United States District Court, D. Arizona

March 11, 2016

Sharon L. Dixon, Plaintiff,
Arizona Department of Corrections, et al., Defendants.



Before the Court are the summary judgment motions filed on behalf of Defendant Wexford Health Sources, Inc. (“Wexford”) and Defendants State of Arizona (“State”), Former Arizona Department of Corrections (“ADOC”) Health Services Division Director Michael Adu-Tutu, ADOC Health Services Contract Monitoring Bureau Assistant Director Arthur Gross, ADOC Inspector General Greg Lauchner, ADOC Health Services Division Interim Director Richard Pratt, and ADOC Director Charles Ryan (collectively “Named State Defendants”). (Docs. 158, 160.) The motions are fully briefed.[1] For the following reasons, the motions are granted.

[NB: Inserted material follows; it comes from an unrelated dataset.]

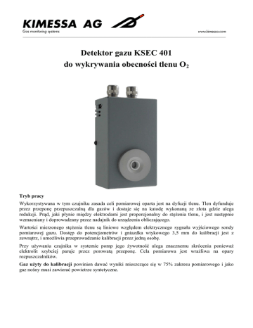 Detektor gazu KSEC 401 do wykrywania obecności tlenu O2 Tryb pracy Wykorzystywana w tym czujniku zasada celi pomiarowej oparta jest na dyfuzji tlenu. Tlen dyfunduje przez przeponę przepuszczalną dla gazów i dostaje się na katodę wykonaną ze złota gdzie ulega redukcji. Prąd, jaki płynie między elektrodami jest proporcjonalny do stężenia tlenu, i jest następnie wzmacniany i doprowadzany przez nadajnik do urządzenia obliczającego. Wartości mierzonego stężenia tlenu są liniowe względem elektrycznego sygnału wyjściowego sondy pomiarowej gazu. Dostęp do potencjometrów i gniazdka wtykowego 3,5 mm do kalibracji jest z zewnątrz, i umożliwia przeprowadzanie kalibracji przez jedną osobę. Przy używaniu czujnika w systemie pomp jego żywotność ulega znacznemu skróceniu ponieważ elektrolit szybciej paruje przez porowatą przeponę. Cela pomiarowa jest wrażliwa na opary rozpuszczalników. Gaz użyty do kalibracji powinien dawać wyniki mieszczące się w 75% zakresu pomiarowego i jako gaz nośny musi zawierać powietrze syntetyczne. Czułość krzyżowa Parametry pracy Czułość Zakres pomiarowy Stężenie gazu testowego co najmniej 0,5 % (obj.) Gaz testowy maks. 25 % (obj.) / liniowo Amoniak NH3 Czas odpowiedzi t 95 < 10 s Chlor Cl2 -20 °C ... +45°C Etylen C2H4 Temperatura pracy Wyświetlanie na czujniku O2 100 ppm 0 ppm … ppm … ppm … ppm … ppm Uruchamianie po przywróceniu. do stanu użytkowego maksymalnie 1 godz. Dwutlenek węgla CO2 Tlenek węgla CO 5000 ppm 250 ppm 0 ppm 0 ppm Zakres ciśnień atmosferyczne 10% Propan C3H8 5000 ppm 0 ppm … ppm … ppm 100 ppm < 1 ppm 20 ppm < 1 ppm 48 ppm 100 ppm < 1 ppm 0 ppm Wilgotność powietrza 0 … 99 %, bez kondensacji Dwutlenek SO2 Zależność czułości od pozycji brak Siarkowodór H2S Długookresowy dryft sygnału Żywotność przy 200 C siarki < 5 % / rok Dwutlenek NO2 azotu co najmniej rok, do 2 lat - Tlenek azotu NO zależnie od zastosowania Wodór H2 6 miesięcy Okres gwarancyjny Parametry elektroniczne czujnika Kabel: Zasilanie: Prąd czujnika: Sygnał wyjściowy: Temperatura pracy: 4-żyłowy, ekranowany 16,5 … 30 VDC maks. 60 mA cyfrowy bus-sygnał -40 °C ... +85 °C Kontrola (prace obsługi i utrzymania) Czujnik i układ elektroniki wymagają okresowego sprawdzania. Zaleca się rutynowe przeprowadzane kalibracji raz lub dwa razy w roku. Elektronika Wymiary Gniazdo jack 3.5 mm 0,02-2,5 VDC Potencjometr wzmocnienia Parametry i wykonanie mogą ulec zmianie bez uprzedniego powiadomienia Przedstawiciel w Polsce 84-200 Wejherowo, ul. Kościuszki 6 tel. +48 58 679 40 57, fax. +48 58 600 83 69 www.mechvent.pl [email protected]

Gary Dixon was an inmate at the ADOC Eyman Facility. (Doc. 159, ¶ 2; Doc. 161, ¶ 1.) On January 13, 2010, upon intake screening and evaluation, it was noted that Dixon had numerous health conditions, including hepatitis C, a supraumbilical hernia, and cirrhosis. (Doc. 159, ¶¶ 2, 12; Doc. 161, ¶ 1.) Throughout his incarceration, Dixon received medical treatment for his conditions-including blood tests, abdominal sonograms and ultrasounds, and esophagogastroduodenoscopies-from both in-house and outside medical providers. (Doc. 159, ¶ 37; Doc. 161, ¶¶ 2-10.)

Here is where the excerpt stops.